YOUR TASK:
The response should consist of the data below, copied exactly, with no pictures in it.
===============
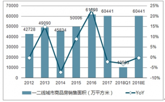 2018年中國(guó)一二線城市商品房銷售面積及增速展望
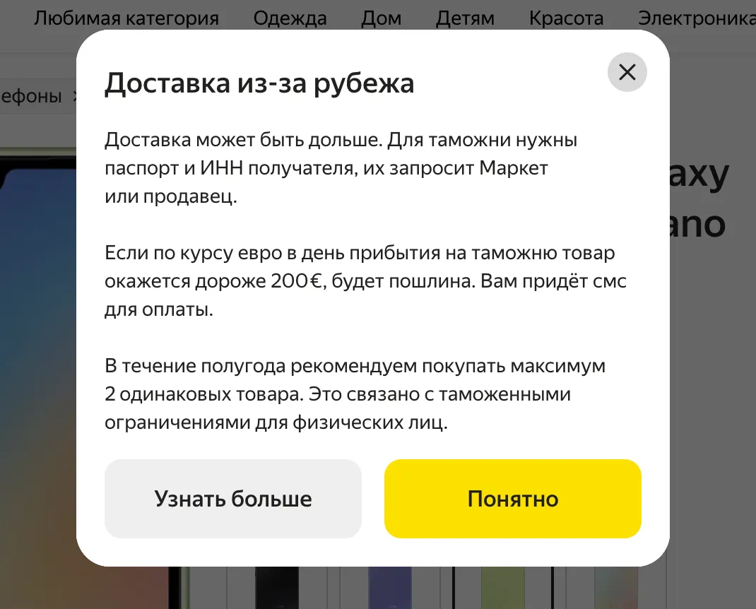 Интересно, что о новых требованиях должны объявить только 1 апреля, но интернет-магазины уже подготовились. Например, Маркет уже рассчитывает пошлину, исходя из новых правил. Пример доставляемого из-за рубежа товара.
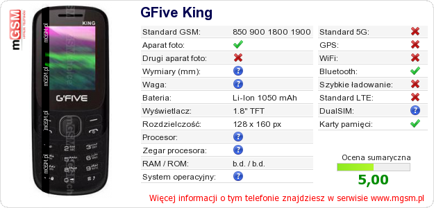 Dane telefonu GFive King na Twojej stronie
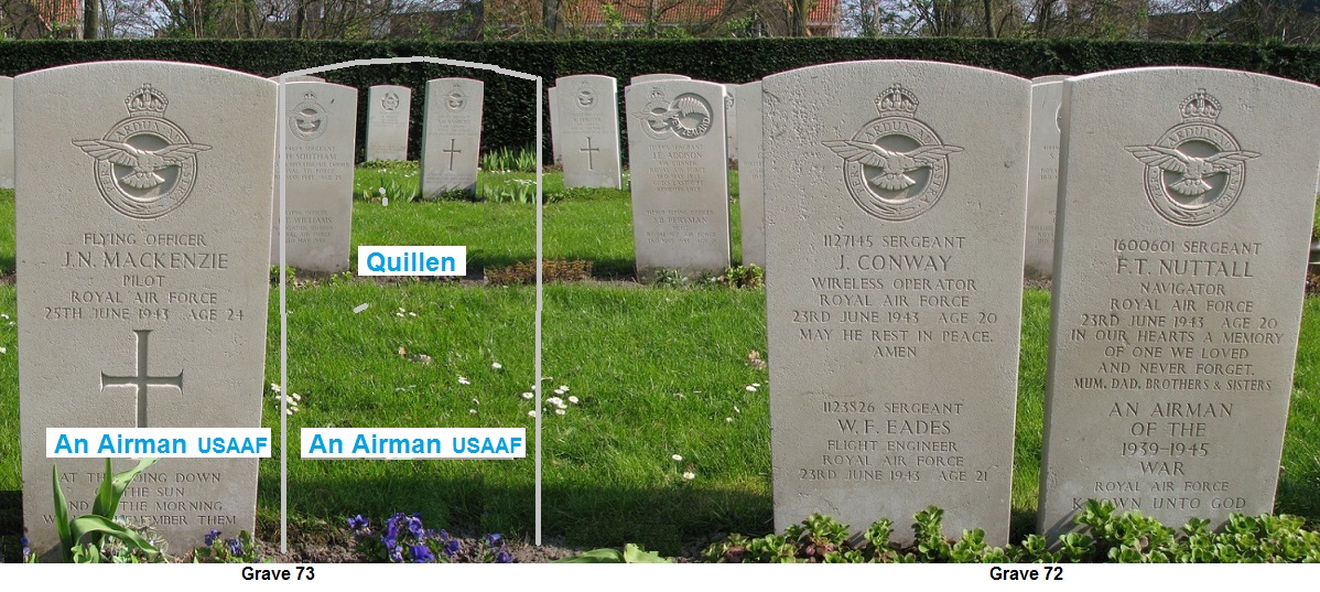 On the 4th of March 1946, the American airmen (Lt. Quillen and the two unknown) above and below F/O Mackenzie were exhumed by an American Quartermaster Grave Registration Company. Their grave markers were removed. Since then English RAF Flying Officer James N. Mackenzie is the only casualty in grave 73.
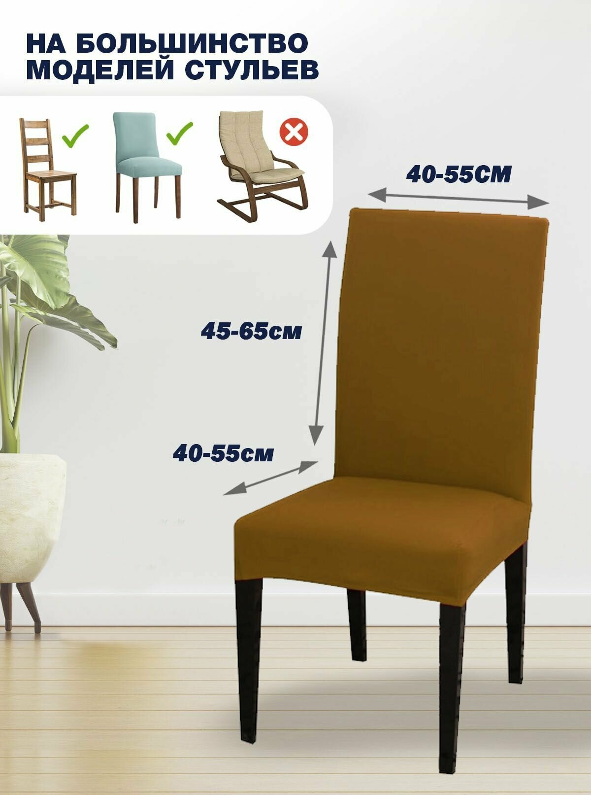 Чехол на стул, чехол для стула со спинкой, Комплект 4 шт, чехлы для мебели, Коллекция "Jersey" Светло-коричневый
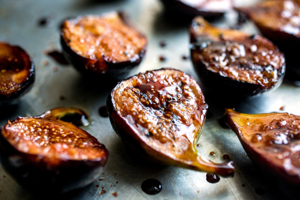 - Remove to a platter or sheet pan and brush each fig on the cut side with pomegranate molasses (you don’t need much).
===============
RESPONSE BOX:
 2018年中國(guó)一二線城市商品房銷售面積及增速展望
 Интересно, что о новых требованиях должны объявить только 1 апреля, но интернет-магазины уже подготовились. Например, Маркет уже рассчитывает пошлину, исходя из новых правил. Пример доставляемого из-за рубежа товара.
 Dane telefonu GFive King na Twojej stronie
 On the 4th of March 1946, the American airmen (Lt. Quillen and the two unknown) above and below F/O Mackenzie were exhumed by an American Quartermaster Grave Registration Company. Their grave markers were removed. Since then English RAF Flying Officer James N. Mackenzie is the only casualty in grave 73.
 Чехол на стул, чехол для стула со спинкой, Комплект 4 шт, чехлы для мебели, Коллекция "Jersey" Светло-коричневый
 - Remove to a platter or sheet pan and brush each fig on the cut side with pomegranate molasses (you don’t need much).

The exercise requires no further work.